Give the listing again in full and exactly, apart from its pictures.

● **Information shown**:
BEGIN
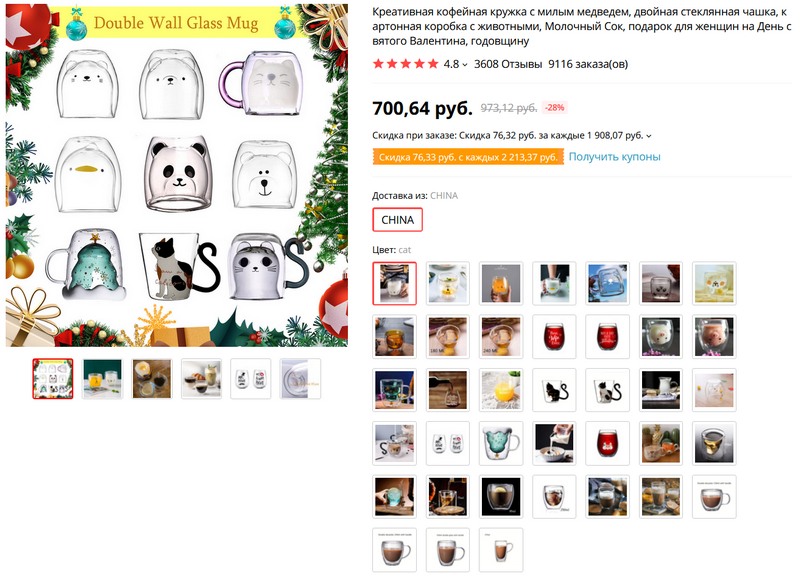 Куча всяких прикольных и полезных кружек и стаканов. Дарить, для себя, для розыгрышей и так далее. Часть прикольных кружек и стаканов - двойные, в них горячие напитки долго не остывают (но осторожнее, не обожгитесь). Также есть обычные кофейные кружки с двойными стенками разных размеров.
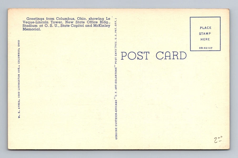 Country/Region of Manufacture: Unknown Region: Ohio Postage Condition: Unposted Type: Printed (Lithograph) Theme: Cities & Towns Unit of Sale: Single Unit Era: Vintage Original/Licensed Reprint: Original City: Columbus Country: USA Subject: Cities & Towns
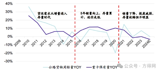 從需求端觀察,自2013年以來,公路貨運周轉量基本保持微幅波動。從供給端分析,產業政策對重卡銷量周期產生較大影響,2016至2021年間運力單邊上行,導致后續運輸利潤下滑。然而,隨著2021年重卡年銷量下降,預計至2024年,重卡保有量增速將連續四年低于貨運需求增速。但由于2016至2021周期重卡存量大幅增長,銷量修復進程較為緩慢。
END
● **Finished task**:
 Куча всяких прикольных и полезных кружек и стаканов. Дарить, для себя, для розыгрышей и так далее. Часть прикольных кружек и стаканов - двойные, в них горячие напитки долго не остывают (но осторожнее, не обожгитесь). Также есть обычные кофейные кружки с двойными стенками разных размеров.
 Country/Region of Manufacture: Unknown Region: Ohio Postage Condition: Unposted Type: Printed (Lithograph) Theme: Cities & Towns Unit of Sale: Single Unit Era: Vintage Original/Licensed Reprint: Original City: Columbus Country: USA Subject: Cities & Towns
 從需求端觀察,自2013年以來,公路貨運周轉量基本保持微幅波動。從供給端分析,產業政策對重卡銷量周期產生較大影響,2016至2021年間運力單邊上行,導致后續運輸利潤下滑。然而,隨著2021年重卡年銷量下降,預計至2024年,重卡保有量增速將連續四年低于貨運需求增速。但由于2016至2021周期重卡存量大幅增長,銷量修復進程較為緩慢。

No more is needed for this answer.